Source material Block Start
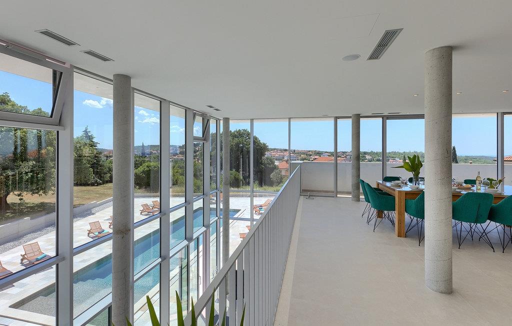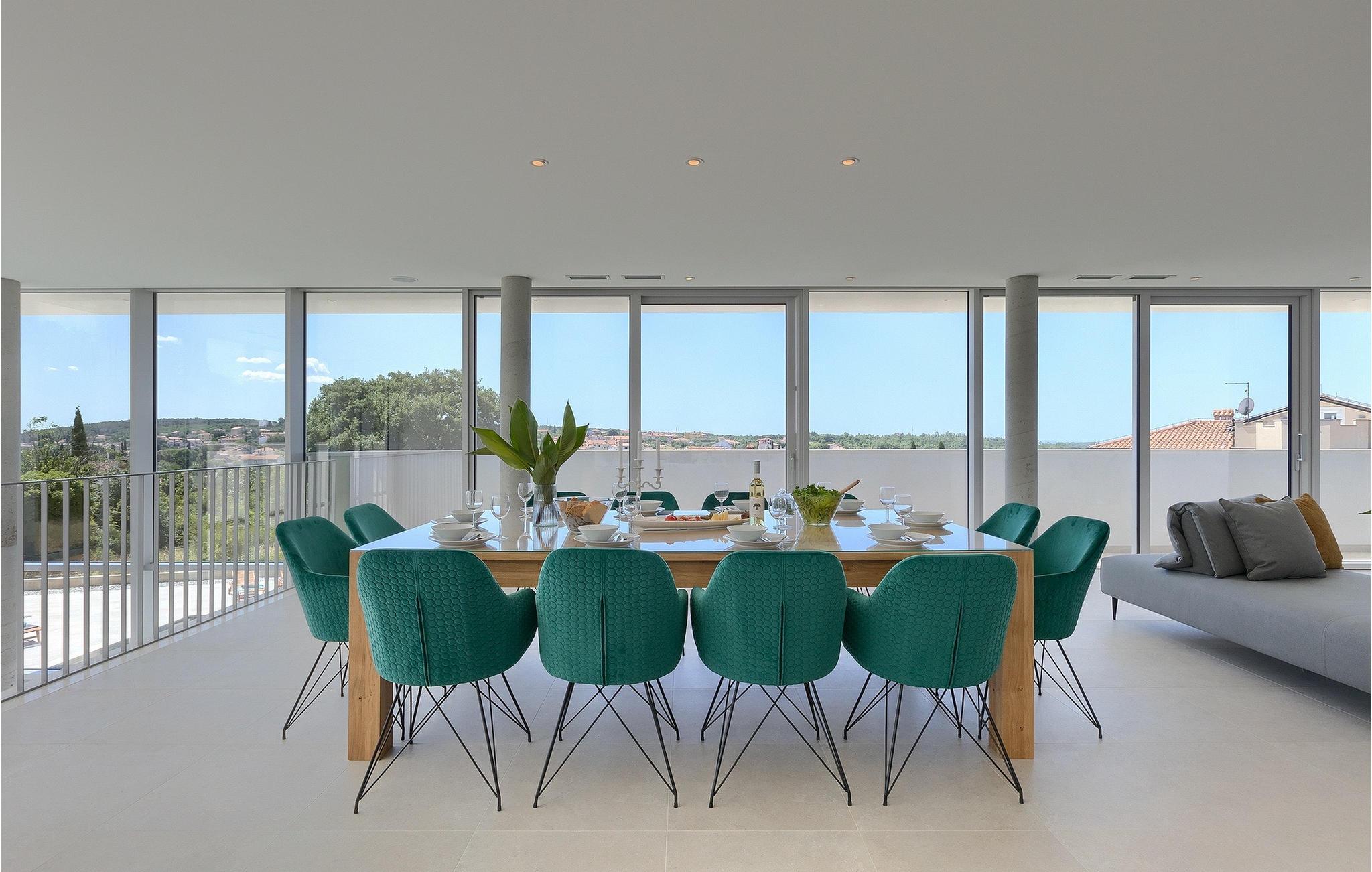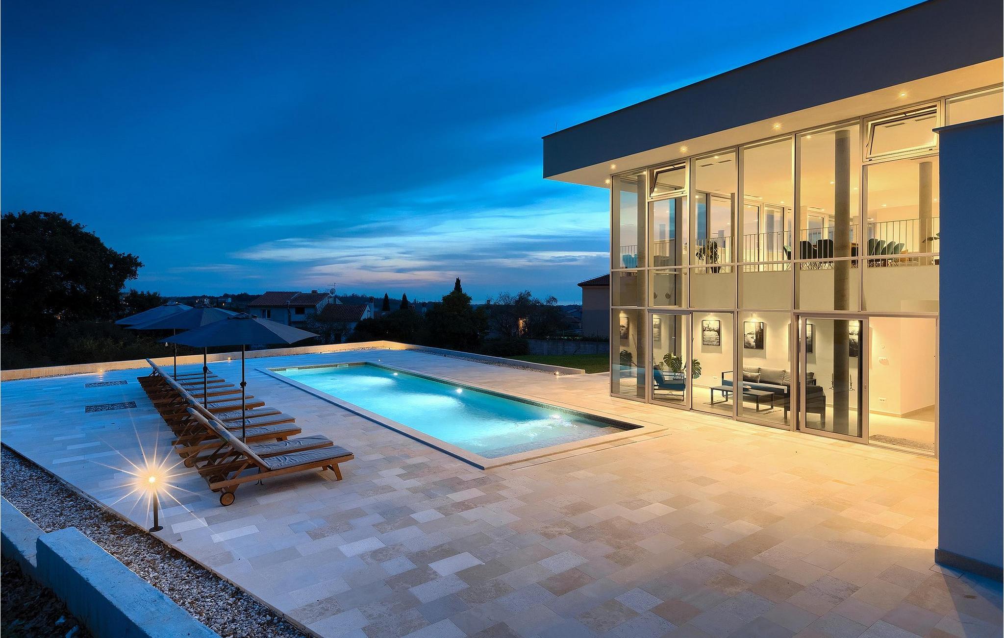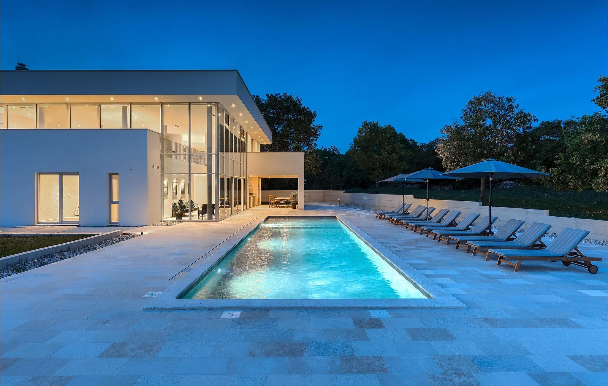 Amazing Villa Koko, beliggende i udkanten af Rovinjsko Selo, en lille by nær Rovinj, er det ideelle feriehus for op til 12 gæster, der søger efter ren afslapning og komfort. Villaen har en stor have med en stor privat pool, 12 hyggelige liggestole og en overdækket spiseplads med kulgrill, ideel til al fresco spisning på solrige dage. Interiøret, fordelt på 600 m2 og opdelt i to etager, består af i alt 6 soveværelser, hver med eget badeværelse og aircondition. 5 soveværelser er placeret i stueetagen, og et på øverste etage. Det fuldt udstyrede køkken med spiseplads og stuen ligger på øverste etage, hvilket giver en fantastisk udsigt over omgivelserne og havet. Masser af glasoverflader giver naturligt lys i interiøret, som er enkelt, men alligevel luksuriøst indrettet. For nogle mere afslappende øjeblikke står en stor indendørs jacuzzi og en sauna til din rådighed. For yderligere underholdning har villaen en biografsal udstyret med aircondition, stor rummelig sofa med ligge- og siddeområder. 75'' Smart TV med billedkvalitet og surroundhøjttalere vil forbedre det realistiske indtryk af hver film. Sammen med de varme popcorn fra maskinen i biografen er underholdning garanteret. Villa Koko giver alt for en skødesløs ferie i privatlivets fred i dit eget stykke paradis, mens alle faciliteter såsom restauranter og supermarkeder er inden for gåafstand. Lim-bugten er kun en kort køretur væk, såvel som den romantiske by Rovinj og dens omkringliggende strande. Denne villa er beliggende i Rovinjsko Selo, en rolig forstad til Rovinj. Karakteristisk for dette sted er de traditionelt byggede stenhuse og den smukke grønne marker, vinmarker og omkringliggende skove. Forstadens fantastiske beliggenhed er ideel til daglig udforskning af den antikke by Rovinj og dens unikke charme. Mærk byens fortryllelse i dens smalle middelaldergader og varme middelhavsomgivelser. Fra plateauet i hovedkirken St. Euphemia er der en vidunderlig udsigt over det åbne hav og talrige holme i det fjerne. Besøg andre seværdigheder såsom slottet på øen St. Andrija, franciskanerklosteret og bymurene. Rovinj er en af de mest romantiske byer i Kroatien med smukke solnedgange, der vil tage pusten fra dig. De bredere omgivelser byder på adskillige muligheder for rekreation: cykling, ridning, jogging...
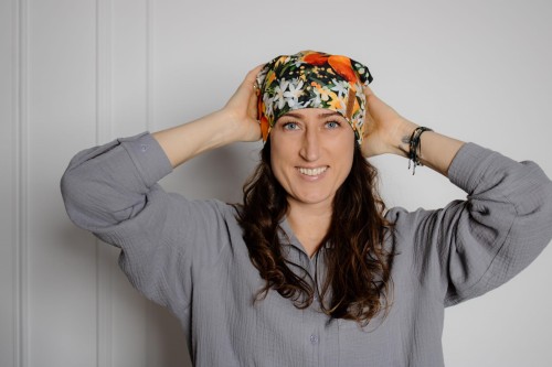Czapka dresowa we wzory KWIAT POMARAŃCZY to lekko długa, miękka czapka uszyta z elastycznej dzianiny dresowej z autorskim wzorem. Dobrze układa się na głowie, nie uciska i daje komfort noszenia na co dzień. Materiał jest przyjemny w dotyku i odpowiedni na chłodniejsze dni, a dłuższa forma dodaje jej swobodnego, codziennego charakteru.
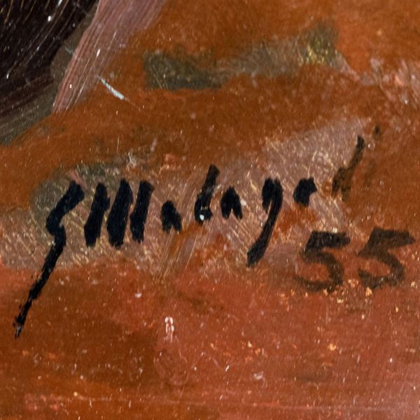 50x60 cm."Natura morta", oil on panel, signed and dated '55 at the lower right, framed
Source material Block End
* [Task instructions]: Give the data again word for word, without images.

* [Final answer]:
 Amazing Villa Koko, beliggende i udkanten af Rovinjsko Selo, en lille by nær Rovinj, er det ideelle feriehus for op til 12 gæster, der søger efter ren afslapning og komfort. Villaen har en stor have med en stor privat pool, 12 hyggelige liggestole og en overdækket spiseplads med kulgrill, ideel til al fresco spisning på solrige dage. Interiøret, fordelt på 600 m2 og opdelt i to etager, består af i alt 6 soveværelser, hver med eget badeværelse og aircondition. 5 soveværelser er placeret i stueetagen, og et på øverste etage. Det fuldt udstyrede køkken med spiseplads og stuen ligger på øverste etage, hvilket giver en fantastisk udsigt over omgivelserne og havet. Masser af glasoverflader giver naturligt lys i interiøret, som er enkelt, men alligevel luksuriøst indrettet. For nogle mere afslappende øjeblikke står en stor indendørs jacuzzi og en sauna til din rådighed. For yderligere underholdning har villaen en biografsal udstyret med aircondition, stor rummelig sofa med ligge- og siddeområder. 75'' Smart TV med billedkvalitet og surroundhøjttalere vil forbedre det realistiske indtryk af hver film. Sammen med de varme popcorn fra maskinen i biografen er underholdning garanteret. Villa Koko giver alt for en skødesløs ferie i privatlivets fred i dit eget stykke paradis, mens alle faciliteter såsom restauranter og supermarkeder er inden for gåafstand. Lim-bugten er kun en kort køretur væk, såvel som den romantiske by Rovinj og dens omkringliggende strande. Denne villa er beliggende i Rovinjsko Selo, en rolig forstad til Rovinj. Karakteristisk for dette sted er de traditionelt byggede stenhuse og den smukke grønne marker, vinmarker og omkringliggende skove. Forstadens fantastiske beliggenhed er ideel til daglig udforskning af den antikke by Rovinj og dens unikke charme. Mærk byens fortryllelse i dens smalle middelaldergader og varme middelhavsomgivelser. Fra plateauet i hovedkirken St. Euphemia er der en vidunderlig udsigt over det åbne hav og talrige holme i det fjerne. Besøg andre seværdigheder såsom slottet på øen St. Andrija, franciskanerklosteret og bymurene. Rovinj er en af de mest romantiske byer i Kroatien med smukke solnedgange, der vil tage pusten fra dig. De bredere omgivelser byder på adskillige muligheder for rekreation: cykling, ridning, jogging...
Czapka dresowa we wzory KWIAT POMARAŃCZY to lekko długa, miękka czapka uszyta z elastycznej dzianiny dresowej z autorskim wzorem. Dobrze układa się na głowie, nie uciska i daje komfort noszenia na co dzień. Materiał jest przyjemny w dotyku i odpowiedni na chłodniejsze dni, a dłuższa forma dodaje jej swobodnego, codziennego charakteru.
 50x60 cm."Natura morta", oil on panel, signed and dated '55 at the lower right, framed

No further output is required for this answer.